## Your assignment
Make an exact copy of the entries that come next.

## Stored data
· · · · · · ·

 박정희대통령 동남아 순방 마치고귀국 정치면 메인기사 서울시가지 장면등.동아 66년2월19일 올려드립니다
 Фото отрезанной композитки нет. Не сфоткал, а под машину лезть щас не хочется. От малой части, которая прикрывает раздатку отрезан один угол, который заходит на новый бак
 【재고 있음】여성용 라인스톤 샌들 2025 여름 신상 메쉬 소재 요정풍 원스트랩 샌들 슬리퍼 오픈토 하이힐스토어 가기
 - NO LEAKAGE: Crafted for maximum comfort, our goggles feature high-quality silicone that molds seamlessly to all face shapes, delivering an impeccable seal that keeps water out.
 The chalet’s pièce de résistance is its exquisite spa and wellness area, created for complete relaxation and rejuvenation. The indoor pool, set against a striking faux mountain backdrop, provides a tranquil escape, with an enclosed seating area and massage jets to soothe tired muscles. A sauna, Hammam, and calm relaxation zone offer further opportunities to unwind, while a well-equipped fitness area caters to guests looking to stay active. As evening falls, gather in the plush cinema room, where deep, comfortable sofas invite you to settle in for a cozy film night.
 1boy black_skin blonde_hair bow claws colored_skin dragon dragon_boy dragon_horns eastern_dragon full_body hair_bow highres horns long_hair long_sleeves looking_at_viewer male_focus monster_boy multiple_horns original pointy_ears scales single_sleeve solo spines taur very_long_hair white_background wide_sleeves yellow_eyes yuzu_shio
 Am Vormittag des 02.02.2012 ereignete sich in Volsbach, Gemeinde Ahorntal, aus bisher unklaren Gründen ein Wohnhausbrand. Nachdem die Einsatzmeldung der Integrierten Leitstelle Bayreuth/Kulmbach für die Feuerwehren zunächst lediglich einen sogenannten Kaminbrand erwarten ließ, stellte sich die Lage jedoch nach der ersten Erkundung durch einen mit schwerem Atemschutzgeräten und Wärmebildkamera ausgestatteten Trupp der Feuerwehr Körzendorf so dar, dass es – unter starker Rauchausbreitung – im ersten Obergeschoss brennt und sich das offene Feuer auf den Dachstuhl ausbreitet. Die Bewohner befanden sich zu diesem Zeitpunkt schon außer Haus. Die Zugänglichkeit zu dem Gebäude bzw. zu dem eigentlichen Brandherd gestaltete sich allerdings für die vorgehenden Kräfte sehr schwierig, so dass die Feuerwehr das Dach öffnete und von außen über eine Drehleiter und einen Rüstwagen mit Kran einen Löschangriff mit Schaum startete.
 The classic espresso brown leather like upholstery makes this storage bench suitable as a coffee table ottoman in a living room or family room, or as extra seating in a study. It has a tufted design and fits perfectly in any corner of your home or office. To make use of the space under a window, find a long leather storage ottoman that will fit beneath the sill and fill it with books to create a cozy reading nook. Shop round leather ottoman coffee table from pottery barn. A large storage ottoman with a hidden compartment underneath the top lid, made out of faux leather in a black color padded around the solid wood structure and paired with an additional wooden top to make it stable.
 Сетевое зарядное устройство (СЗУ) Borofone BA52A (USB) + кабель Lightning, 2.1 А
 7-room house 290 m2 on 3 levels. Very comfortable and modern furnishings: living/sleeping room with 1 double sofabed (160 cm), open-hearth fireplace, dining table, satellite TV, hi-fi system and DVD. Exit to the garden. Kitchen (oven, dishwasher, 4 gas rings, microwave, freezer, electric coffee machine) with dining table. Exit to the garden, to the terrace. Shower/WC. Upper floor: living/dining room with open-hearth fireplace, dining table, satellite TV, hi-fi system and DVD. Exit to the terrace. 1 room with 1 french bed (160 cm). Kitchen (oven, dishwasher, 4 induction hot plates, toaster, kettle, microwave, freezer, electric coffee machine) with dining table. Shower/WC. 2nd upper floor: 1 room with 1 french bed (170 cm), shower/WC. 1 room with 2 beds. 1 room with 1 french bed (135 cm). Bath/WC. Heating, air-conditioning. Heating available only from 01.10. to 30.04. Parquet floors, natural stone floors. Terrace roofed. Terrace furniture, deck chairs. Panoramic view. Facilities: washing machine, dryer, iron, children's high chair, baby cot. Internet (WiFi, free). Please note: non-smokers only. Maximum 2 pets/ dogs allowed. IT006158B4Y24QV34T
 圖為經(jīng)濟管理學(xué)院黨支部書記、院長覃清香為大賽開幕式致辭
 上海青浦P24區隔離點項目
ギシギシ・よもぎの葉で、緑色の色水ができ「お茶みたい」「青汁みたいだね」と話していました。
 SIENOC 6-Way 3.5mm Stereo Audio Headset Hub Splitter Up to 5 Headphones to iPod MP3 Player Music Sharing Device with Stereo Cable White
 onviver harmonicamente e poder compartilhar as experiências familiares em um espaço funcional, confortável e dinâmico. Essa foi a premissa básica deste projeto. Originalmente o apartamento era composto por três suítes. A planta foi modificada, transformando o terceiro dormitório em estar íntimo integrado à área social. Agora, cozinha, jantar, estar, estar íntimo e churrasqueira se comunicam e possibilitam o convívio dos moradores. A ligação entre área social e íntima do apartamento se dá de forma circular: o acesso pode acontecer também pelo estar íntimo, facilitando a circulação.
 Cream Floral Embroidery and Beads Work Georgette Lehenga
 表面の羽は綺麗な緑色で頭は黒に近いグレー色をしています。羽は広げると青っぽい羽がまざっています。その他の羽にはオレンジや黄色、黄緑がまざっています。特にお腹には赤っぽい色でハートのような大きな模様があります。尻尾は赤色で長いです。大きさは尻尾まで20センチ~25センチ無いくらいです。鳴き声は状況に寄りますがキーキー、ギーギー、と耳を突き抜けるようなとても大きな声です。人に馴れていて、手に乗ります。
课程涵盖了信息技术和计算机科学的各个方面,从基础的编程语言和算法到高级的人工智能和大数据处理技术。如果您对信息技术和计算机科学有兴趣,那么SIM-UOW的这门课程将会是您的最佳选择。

· · · · · · ·

## The answer
 박정희대통령 동남아 순방 마치고귀국 정치면 메인기사 서울시가지 장면등.동아 66년2월19일 올려드립니다
 Фото отрезанной композитки нет. Не сфоткал, а под машину лезть щас не хочется. От малой части, которая прикрывает раздатку отрезан один угол, который заходит на новый бак
 【재고 있음】여성용 라인스톤 샌들 2025 여름 신상 메쉬 소재 요정풍 원스트랩 샌들 슬리퍼 오픈토 하이힐스토어 가기
 - NO LEAKAGE: Crafted for maximum comfort, our goggles feature high-quality silicone that molds seamlessly to all face shapes, delivering an impeccable seal that keeps water out.
 The chalet’s pièce de résistance is its exquisite spa and wellness area, created for complete relaxation and rejuvenation. The indoor pool, set against a striking faux mountain backdrop, provides a tranquil escape, with an enclosed seating area and massage jets to soothe tired muscles. A sauna, Hammam, and calm relaxation zone offer further opportunities to unwind, while a well-equipped fitness area caters to guests looking to stay active. As evening falls, gather in the plush cinema room, where deep, comfortable sofas invite you to settle in for a cozy film night.
 1boy black_skin blonde_hair bow claws colored_skin dragon dragon_boy dragon_horns eastern_dragon full_body hair_bow highres horns long_hair long_sleeves looking_at_viewer male_focus monster_boy multiple_horns original pointy_ears scales single_sleeve solo spines taur very_long_hair white_background wide_sleeves yellow_eyes yuzu_shio
 Am Vormittag des 02.02.2012 ereignete sich in Volsbach, Gemeinde Ahorntal, aus bisher unklaren Gründen ein Wohnhausbrand. Nachdem die Einsatzmeldung der Integrierten Leitstelle Bayreuth/Kulmbach für die Feuerwehren zunächst lediglich einen sogenannten Kaminbrand erwarten ließ, stellte sich die Lage jedoch nach der ersten Erkundung durch einen mit schwerem Atemschutzgeräten und Wärmebildkamera ausgestatteten Trupp der Feuerwehr Körzendorf so dar, dass es – unter starker Rauchausbreitung – im ersten Obergeschoss brennt und sich das offene Feuer auf den Dachstuhl ausbreitet. Die Bewohner befanden sich zu diesem Zeitpunkt schon außer Haus. Die Zugänglichkeit zu dem Gebäude bzw. zu dem eigentlichen Brandherd gestaltete sich allerdings für die vorgehenden Kräfte sehr schwierig, so dass die Feuerwehr das Dach öffnete und von außen über eine Drehleiter und einen Rüstwagen mit Kran einen Löschangriff mit Schaum startete.
 The classic espresso brown leather like upholstery makes this storage bench suitable as a coffee table ottoman in a living room or family room, or as extra seating in a study. It has a tufted design and fits perfectly in any corner of your home or office. To make use of the space under a window, find a long leather storage ottoman that will fit beneath the sill and fill it with books to create a cozy reading nook. Shop round leather ottoman coffee table from pottery barn. A large storage ottoman with a hidden compartment underneath the top lid, made out of faux leather in a black color padded around the solid wood structure and paired with an additional wooden top to make it stable.
 Сетевое зарядное устройство (СЗУ) Borofone BA52A (USB) + кабель Lightning, 2.1 А
 7-room house 290 m2 on 3 levels. Very comfortable and modern furnishings: living/sleeping room with 1 double sofabed (160 cm), open-hearth fireplace, dining table, satellite TV, hi-fi system and DVD. Exit to the garden. Kitchen (oven, dishwasher, 4 gas rings, microwave, freezer, electric coffee machine) with dining table. Exit to the garden, to the terrace. Shower/WC. Upper floor: living/dining room with open-hearth fireplace, dining table, satellite TV, hi-fi system and DVD. Exit to the terrace. 1 room with 1 french bed (160 cm). Kitchen (oven, dishwasher, 4 induction hot plates, toaster, kettle, microwave, freezer, electric coffee machine) with dining table. Shower/WC. 2nd upper floor: 1 room with 1 french bed (170 cm), shower/WC. 1 room with 2 beds. 1 room with 1 french bed (135 cm). Bath/WC. Heating, air-conditioning. Heating available only from 01.10. to 30.04. Parquet floors, natural stone floors. Terrace roofed. Terrace furniture, deck chairs. Panoramic view. Facilities: washing machine, dryer, iron, children's high chair, baby cot. Internet (WiFi, free). Please note: non-smokers only. Maximum 2 pets/ dogs allowed. IT006158B4Y24QV34T
 圖為經(jīng)濟管理學(xué)院黨支部書記、院長覃清香為大賽開幕式致辭
 上海青浦P24區隔離點項目
ギシギシ・よもぎの葉で、緑色の色水ができ「お茶みたい」「青汁みたいだね」と話していました。
 SIENOC 6-Way 3.5mm Stereo Audio Headset Hub Splitter Up to 5 Headphones to iPod MP3 Player Music Sharing Device with Stereo Cable White
 onviver harmonicamente e poder compartilhar as experiências familiares em um espaço funcional, confortável e dinâmico. Essa foi a premissa básica deste projeto. Originalmente o apartamento era composto por três suítes. A planta foi modificada, transformando o terceiro dormitório em estar íntimo integrado à área social. Agora, cozinha, jantar, estar, estar íntimo e churrasqueira se comunicam e possibilitam o convívio dos moradores. A ligação entre área social e íntima do apartamento se dá de forma circular: o acesso pode acontecer também pelo estar íntimo, facilitando a circulação.
 Cream Floral Embroidery and Beads Work Georgette Lehenga
 表面の羽は綺麗な緑色で頭は黒に近いグレー色をしています。羽は広げると青っぽい羽がまざっています。その他の羽にはオレンジや黄色、黄緑がまざっています。特にお腹には赤っぽい色でハートのような大きな模様があります。尻尾は赤色で長いです。大きさは尻尾まで20センチ~25センチ無いくらいです。鳴き声は状況に寄りますがキーキー、ギーギー、と耳を突き抜けるようなとても大きな声です。人に馴れていて、手に乗ります。
课程涵盖了信息技术和计算机科学的各个方面,从基础的编程语言和算法到高级的人工智能和大数据处理技术。如果您对信息技术和计算机科学有兴趣,那么SIM-UOW的这门课程将会是您的最佳选择。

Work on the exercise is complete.